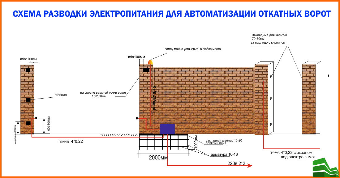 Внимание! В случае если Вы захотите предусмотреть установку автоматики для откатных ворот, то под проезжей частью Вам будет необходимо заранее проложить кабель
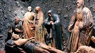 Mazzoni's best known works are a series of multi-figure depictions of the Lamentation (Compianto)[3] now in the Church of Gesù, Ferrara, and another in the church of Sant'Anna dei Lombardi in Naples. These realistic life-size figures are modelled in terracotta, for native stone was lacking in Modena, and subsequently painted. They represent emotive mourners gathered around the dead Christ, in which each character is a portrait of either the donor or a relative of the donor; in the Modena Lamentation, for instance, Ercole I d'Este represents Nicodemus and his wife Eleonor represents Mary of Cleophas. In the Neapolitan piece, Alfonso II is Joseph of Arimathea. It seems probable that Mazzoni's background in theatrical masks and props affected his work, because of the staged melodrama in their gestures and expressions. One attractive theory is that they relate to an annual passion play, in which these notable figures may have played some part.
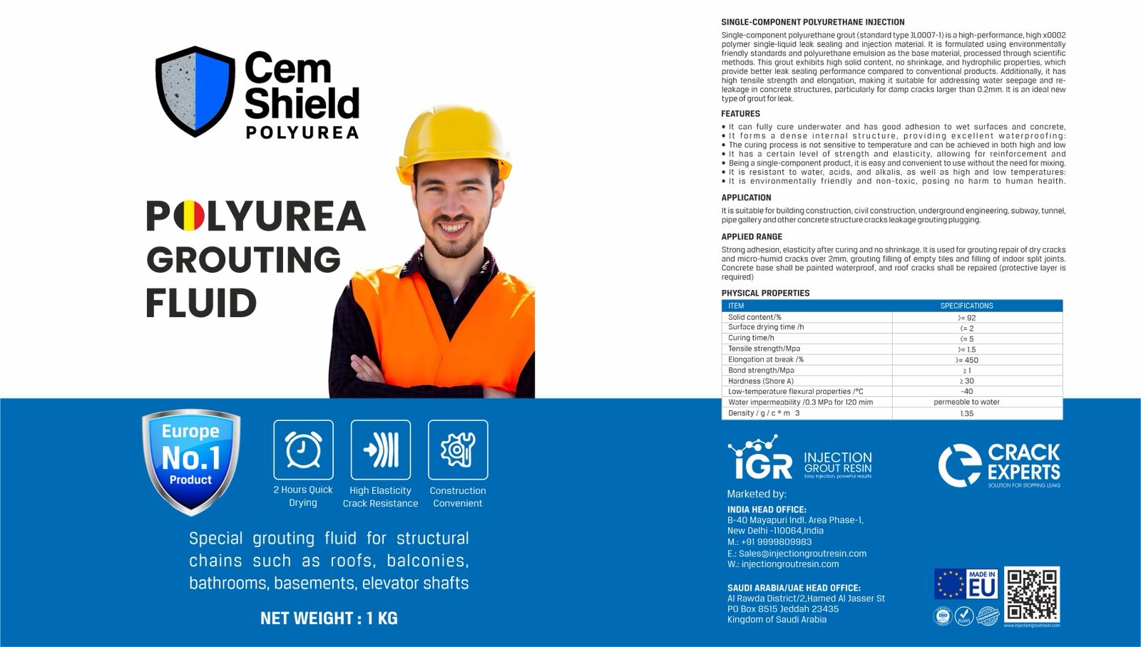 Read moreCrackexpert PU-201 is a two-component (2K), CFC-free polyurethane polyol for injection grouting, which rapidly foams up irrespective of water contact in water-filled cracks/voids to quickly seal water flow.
+===+
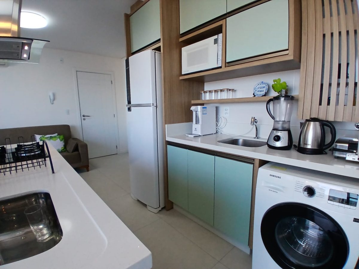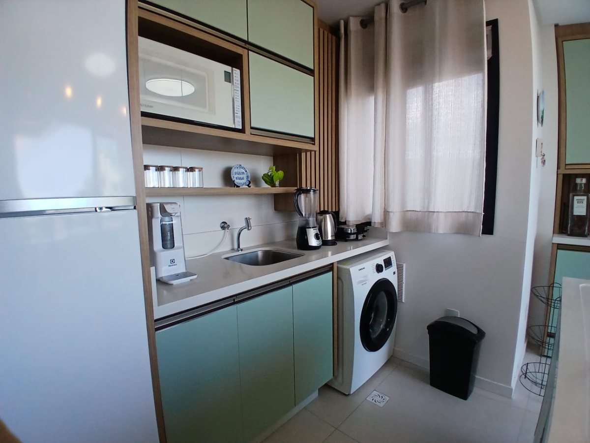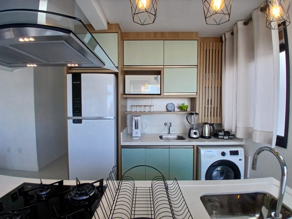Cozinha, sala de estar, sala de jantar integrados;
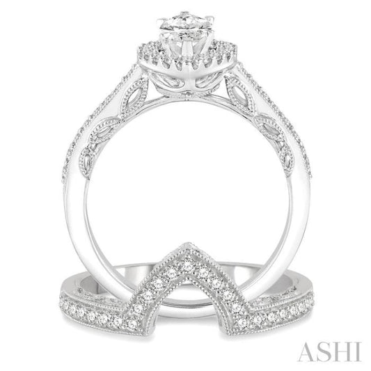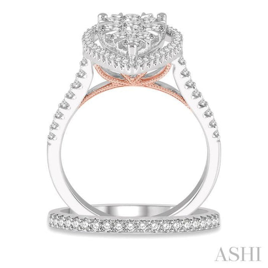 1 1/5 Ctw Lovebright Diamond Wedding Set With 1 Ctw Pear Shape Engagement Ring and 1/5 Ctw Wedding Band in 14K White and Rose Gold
+===+
**What to produce:**
In the listing above, find the line containing "Внимание! В случае" and the line containing "Mazzoni's best known". Reproduce those lines and all between them exactly, with no pictures and nothing more.

**Task response:**
 Внимание! В случае если Вы захотите предусмотреть установку автоматики для откатных ворот, то под проезжей частью Вам будет необходимо заранее проложить кабель
 Mazzoni's best known works are a series of multi-figure depictions of the Lamentation (Compianto)[3] now in the Church of Gesù, Ferrara, and another in the church of Sant'Anna dei Lombardi in Naples. These realistic life-size figures are modelled in terracotta, for native stone was lacking in Modena, and subsequently painted. They represent emotive mourners gathered around the dead Christ, in which each character is a portrait of either the donor or a relative of the donor; in the Modena Lamentation, for instance, Ercole I d'Este represents Nicodemus and his wife Eleonor represents Mary of Cleophas. In the Neapolitan piece, Alfonso II is Joseph of Arimathea. It seems probable that Mazzoni's background in theatrical masks and props affected his work, because of the staged melodrama in their gestures and expressions. One attractive theory is that they relate to an annual passion play, in which these notable figures may have played some part.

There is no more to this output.